(Beginning of Data below)

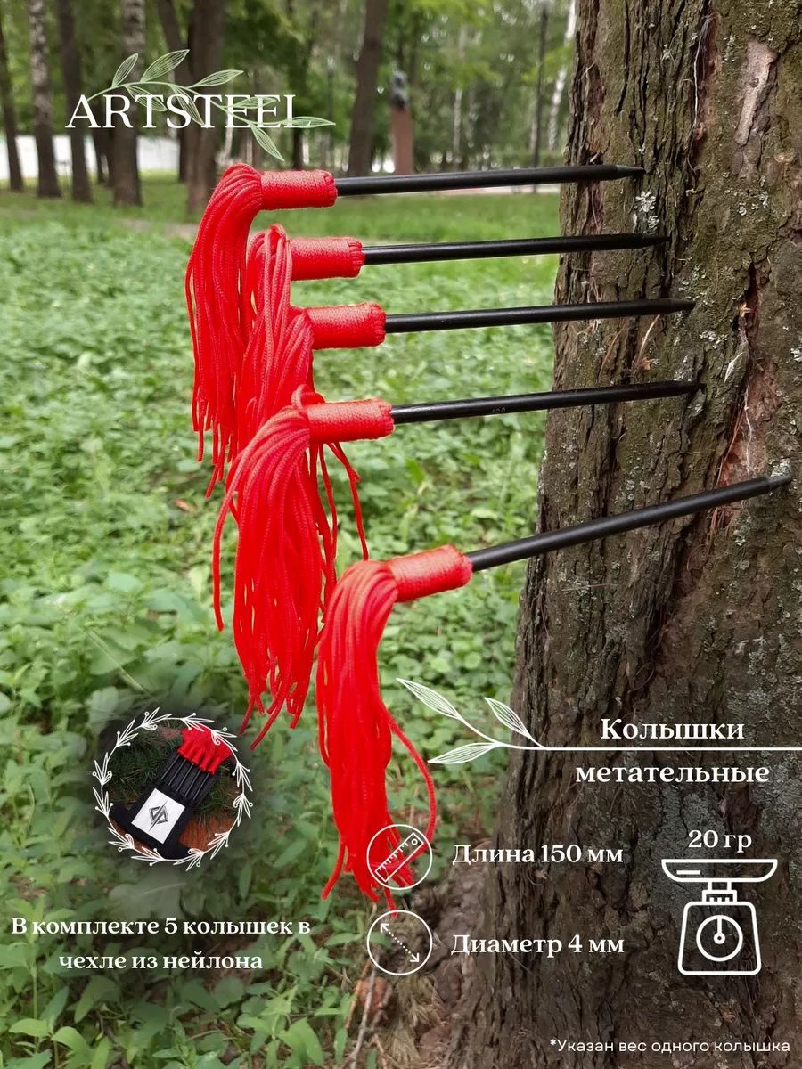 Набор состоит из пяти колышек, что делает его удобным для тренировок и соревнований. Сталь марки 420, используемая для изготовления кколышек, является нержавеющей сталью, что позволяет использовать их в условиях высокой влажности без риска появления ржавчины. Изделия из данной стали отличаются относительно низкой ценой, что делает их привлекательным выбором для тех, кто ищет сочетание прочности и нержавеющих свойств по доступной цене. Все колышки имеют одинаковый размер и вес, что обеспечивает равные усилия для всех попыток броска. Метательные колышки - это легкие и компактные ножи, которые прекрасно подходит для бросков на дальние расстояния. Они имеют простую форму и позволяют быстро и точно навестись на цель.
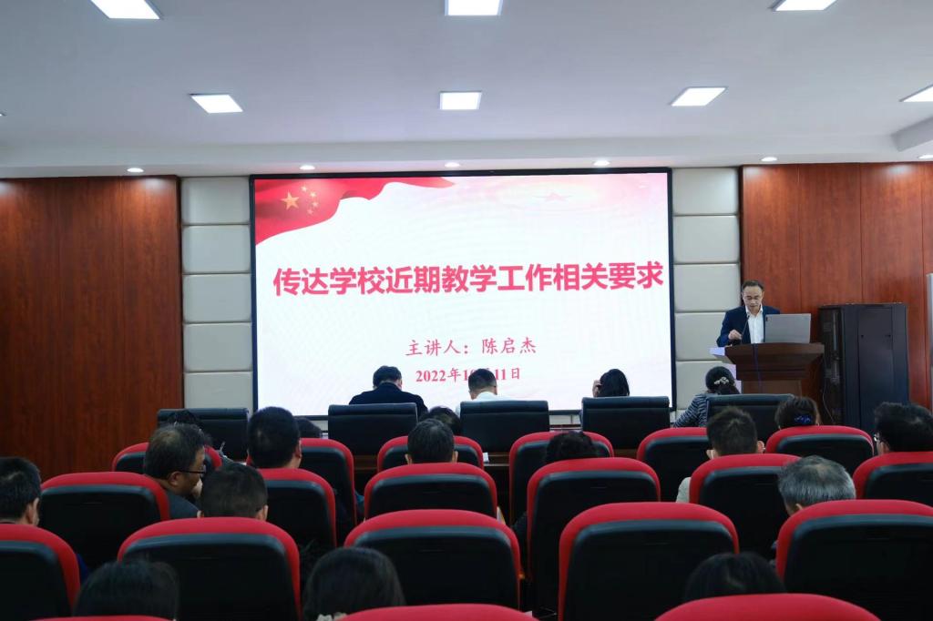 副院长陈启杰传达了学校《关于稳定教学秩序、加强课堂管理、保障教学质量的通知》和《关于试卷及相关归档材料的检查通知》,重点强调了实验教学的规范性,实验、实习、课程设计的文档规范,对课程教学文档检查工作,毕业设计的创新等提出了规范性要求。
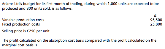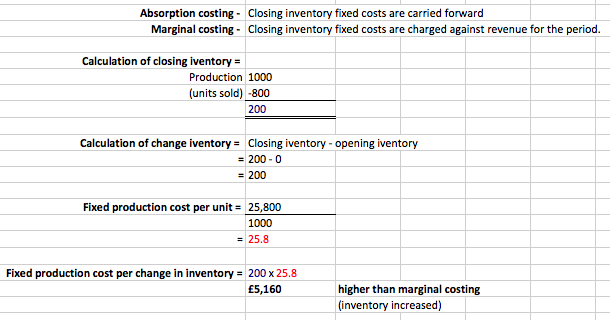 When comparing the closing inventory value reported under marginal and absorption costing when happens to profits when…

(End of Data below)

◆ Task instructions ◆
The answer is the listing above repeated verbatim, minus its images.

◆ Answer ◆
 Набор состоит из пяти колышек, что делает его удобным для тренировок и соревнований. Сталь марки 420, используемая для изготовления кколышек, является нержавеющей сталью, что позволяет использовать их в условиях высокой влажности без риска появления ржавчины. Изделия из данной стали отличаются относительно низкой ценой, что делает их привлекательным выбором для тех, кто ищет сочетание прочности и нержавеющих свойств по доступной цене. Все колышки имеют одинаковый размер и вес, что обеспечивает равные усилия для всех попыток броска. Метательные колышки - это легкие и компактные ножи, которые прекрасно подходит для бросков на дальние расстояния. Они имеют простую форму и позволяют быстро и точно навестись на цель.
 副院长陈启杰传达了学校《关于稳定教学秩序、加强课堂管理、保障教学质量的通知》和《关于试卷及相关归档材料的检查通知》,重点强调了实验教学的规范性,实验、实习、课程设计的文档规范,对课程教学文档检查工作,毕业设计的创新等提出了规范性要求。
 When comparing the closing inventory value reported under marginal and absorption costing when happens to profits when…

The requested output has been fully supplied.